⟨

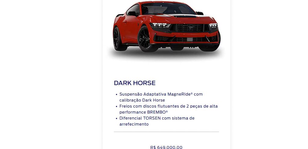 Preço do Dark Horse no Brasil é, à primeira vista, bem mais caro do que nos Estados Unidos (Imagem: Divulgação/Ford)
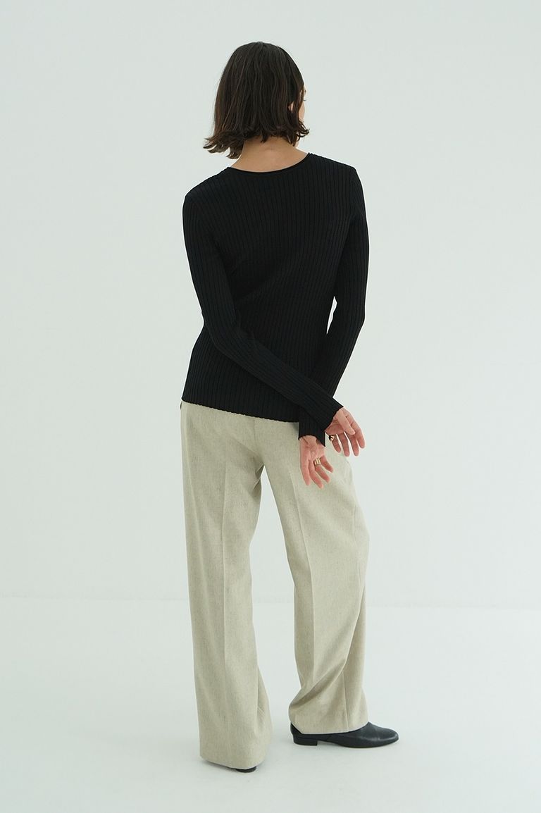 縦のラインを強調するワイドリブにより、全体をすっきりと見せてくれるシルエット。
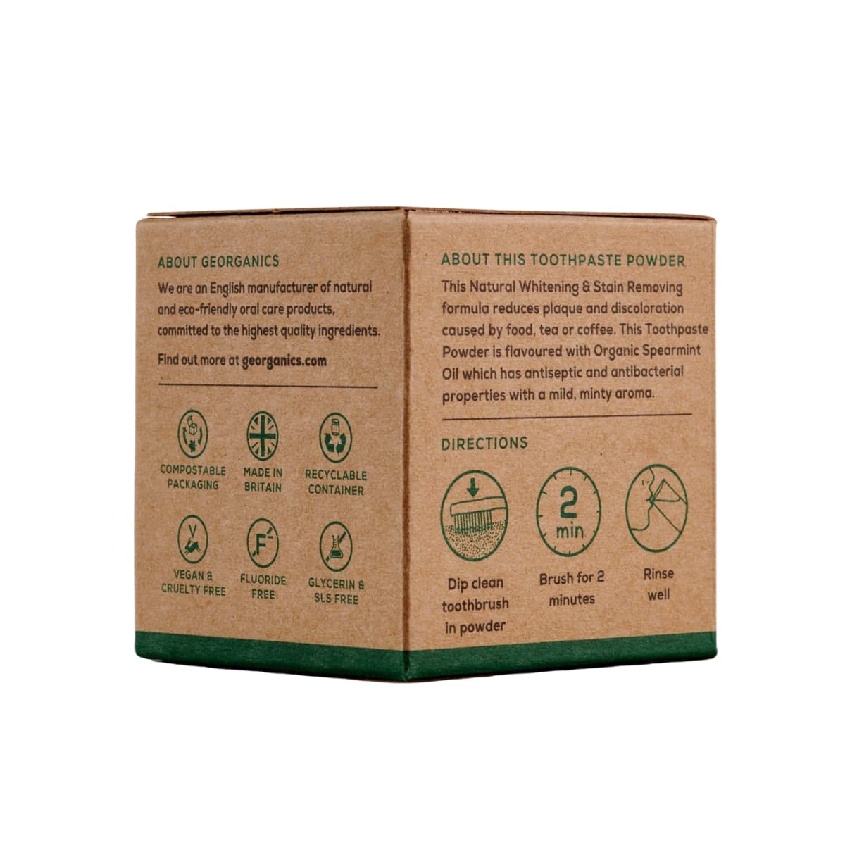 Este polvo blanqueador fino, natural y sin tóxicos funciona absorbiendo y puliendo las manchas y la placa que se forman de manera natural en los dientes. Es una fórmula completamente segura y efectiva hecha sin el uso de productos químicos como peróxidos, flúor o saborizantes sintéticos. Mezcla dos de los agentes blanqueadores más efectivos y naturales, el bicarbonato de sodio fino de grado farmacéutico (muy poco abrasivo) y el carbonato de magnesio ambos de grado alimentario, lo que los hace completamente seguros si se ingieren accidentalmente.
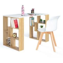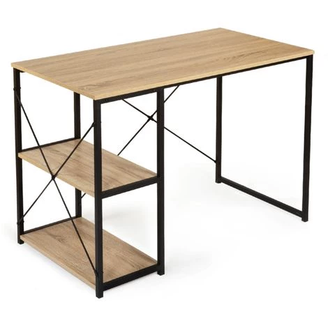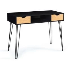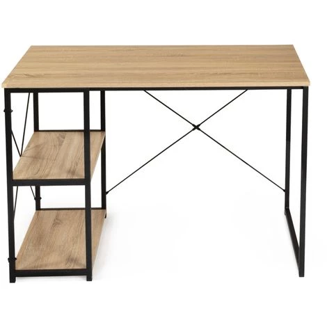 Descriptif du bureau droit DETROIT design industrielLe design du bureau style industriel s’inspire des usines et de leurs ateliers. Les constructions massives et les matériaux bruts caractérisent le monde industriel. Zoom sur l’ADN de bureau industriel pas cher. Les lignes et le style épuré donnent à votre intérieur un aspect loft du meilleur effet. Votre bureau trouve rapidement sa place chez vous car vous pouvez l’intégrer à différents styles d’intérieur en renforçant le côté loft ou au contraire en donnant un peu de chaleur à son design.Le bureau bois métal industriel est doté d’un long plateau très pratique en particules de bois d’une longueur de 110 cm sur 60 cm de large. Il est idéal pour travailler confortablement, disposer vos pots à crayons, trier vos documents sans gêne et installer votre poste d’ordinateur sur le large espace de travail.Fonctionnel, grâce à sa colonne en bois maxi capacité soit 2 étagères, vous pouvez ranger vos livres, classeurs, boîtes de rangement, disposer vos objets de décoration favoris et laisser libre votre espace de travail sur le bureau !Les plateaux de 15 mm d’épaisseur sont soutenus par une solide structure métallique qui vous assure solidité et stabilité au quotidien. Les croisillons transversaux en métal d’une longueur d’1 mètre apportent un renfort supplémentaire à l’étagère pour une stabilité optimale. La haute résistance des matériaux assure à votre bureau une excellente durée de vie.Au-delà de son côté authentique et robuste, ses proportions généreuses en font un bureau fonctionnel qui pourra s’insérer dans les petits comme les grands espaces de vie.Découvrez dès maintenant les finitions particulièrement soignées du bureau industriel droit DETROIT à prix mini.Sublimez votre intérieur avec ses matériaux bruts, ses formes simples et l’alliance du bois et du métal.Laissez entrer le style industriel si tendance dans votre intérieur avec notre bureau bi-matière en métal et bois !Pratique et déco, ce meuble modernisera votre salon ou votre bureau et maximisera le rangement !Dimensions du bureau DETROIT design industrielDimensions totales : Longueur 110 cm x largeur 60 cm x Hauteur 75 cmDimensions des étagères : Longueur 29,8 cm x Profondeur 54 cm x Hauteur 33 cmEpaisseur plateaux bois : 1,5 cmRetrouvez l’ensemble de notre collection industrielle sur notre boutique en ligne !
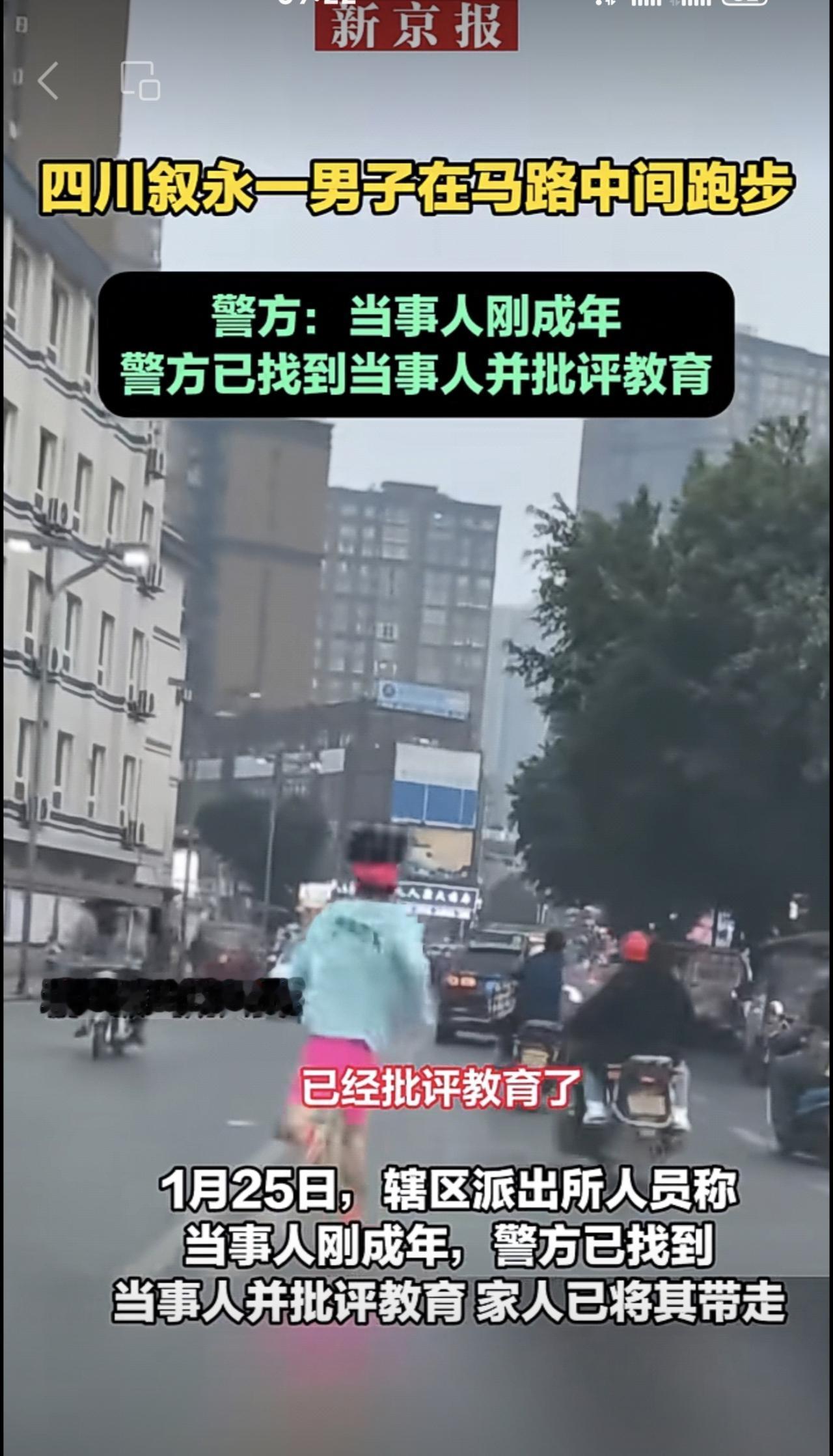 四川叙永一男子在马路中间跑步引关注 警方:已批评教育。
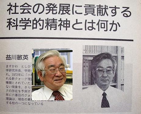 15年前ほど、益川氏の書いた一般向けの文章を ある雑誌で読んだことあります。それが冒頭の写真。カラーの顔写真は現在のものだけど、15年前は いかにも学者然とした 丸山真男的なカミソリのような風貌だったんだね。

⟩

[What you need to do] An answer that restates all the entries exactly and drops the images is what is needed.

[Result of this exercise]
 Preço do Dark Horse no Brasil é, à primeira vista, bem mais caro do que nos Estados Unidos (Imagem: Divulgação/Ford)
 縦のラインを強調するワイドリブにより、全体をすっきりと見せてくれるシルエット。
 Este polvo blanqueador fino, natural y sin tóxicos funciona absorbiendo y puliendo las manchas y la placa que se forman de manera natural en los dientes. Es una fórmula completamente segura y efectiva hecha sin el uso de productos químicos como peróxidos, flúor o saborizantes sintéticos. Mezcla dos de los agentes blanqueadores más efectivos y naturales, el bicarbonato de sodio fino de grado farmacéutico (muy poco abrasivo) y el carbonato de magnesio ambos de grado alimentario, lo que los hace completamente seguros si se ingieren accidentalmente.
 Descriptif du bureau droit DETROIT design industrielLe design du bureau style industriel s’inspire des usines et de leurs ateliers. Les constructions massives et les matériaux bruts caractérisent le monde industriel. Zoom sur l’ADN de bureau industriel pas cher. Les lignes et le style épuré donnent à votre intérieur un aspect loft du meilleur effet. Votre bureau trouve rapidement sa place chez vous car vous pouvez l’intégrer à différents styles d’intérieur en renforçant le côté loft ou au contraire en donnant un peu de chaleur à son design.Le bureau bois métal industriel est doté d’un long plateau très pratique en particules de bois d’une longueur de 110 cm sur 60 cm de large. Il est idéal pour travailler confortablement, disposer vos pots à crayons, trier vos documents sans gêne et installer votre poste d’ordinateur sur le large espace de travail.Fonctionnel, grâce à sa colonne en bois maxi capacité soit 2 étagères, vous pouvez ranger vos livres, classeurs, boîtes de rangement, disposer vos objets de décoration favoris et laisser libre votre espace de travail sur le bureau !Les plateaux de 15 mm d’épaisseur sont soutenus par une solide structure métallique qui vous assure solidité et stabilité au quotidien. Les croisillons transversaux en métal d’une longueur d’1 mètre apportent un renfort supplémentaire à l’étagère pour une stabilité optimale. La haute résistance des matériaux assure à votre bureau une excellente durée de vie.Au-delà de son côté authentique et robuste, ses proportions généreuses en font un bureau fonctionnel qui pourra s’insérer dans les petits comme les grands espaces de vie.Découvrez dès maintenant les finitions particulièrement soignées du bureau industriel droit DETROIT à prix mini.Sublimez votre intérieur avec ses matériaux bruts, ses formes simples et l’alliance du bois et du métal.Laissez entrer le style industriel si tendance dans votre intérieur avec notre bureau bi-matière en métal et bois !Pratique et déco, ce meuble modernisera votre salon ou votre bureau et maximisera le rangement !Dimensions du bureau DETROIT design industrielDimensions totales : Longueur 110 cm x largeur 60 cm x Hauteur 75 cmDimensions des étagères : Longueur 29,8 cm x Profondeur 54 cm x Hauteur 33 cmEpaisseur plateaux bois : 1,5 cmRetrouvez l’ensemble de notre collection industrielle sur notre boutique en ligne !
 四川叙永一男子在马路中间跑步引关注 警方:已批评教育。
 15年前ほど、益川氏の書いた一般向けの文章を ある雑誌で読んだことあります。それが冒頭の写真。カラーの顔写真は現在のものだけど、15年前は いかにも学者然とした 丸山真男的なカミソリのような風貌だったんだね。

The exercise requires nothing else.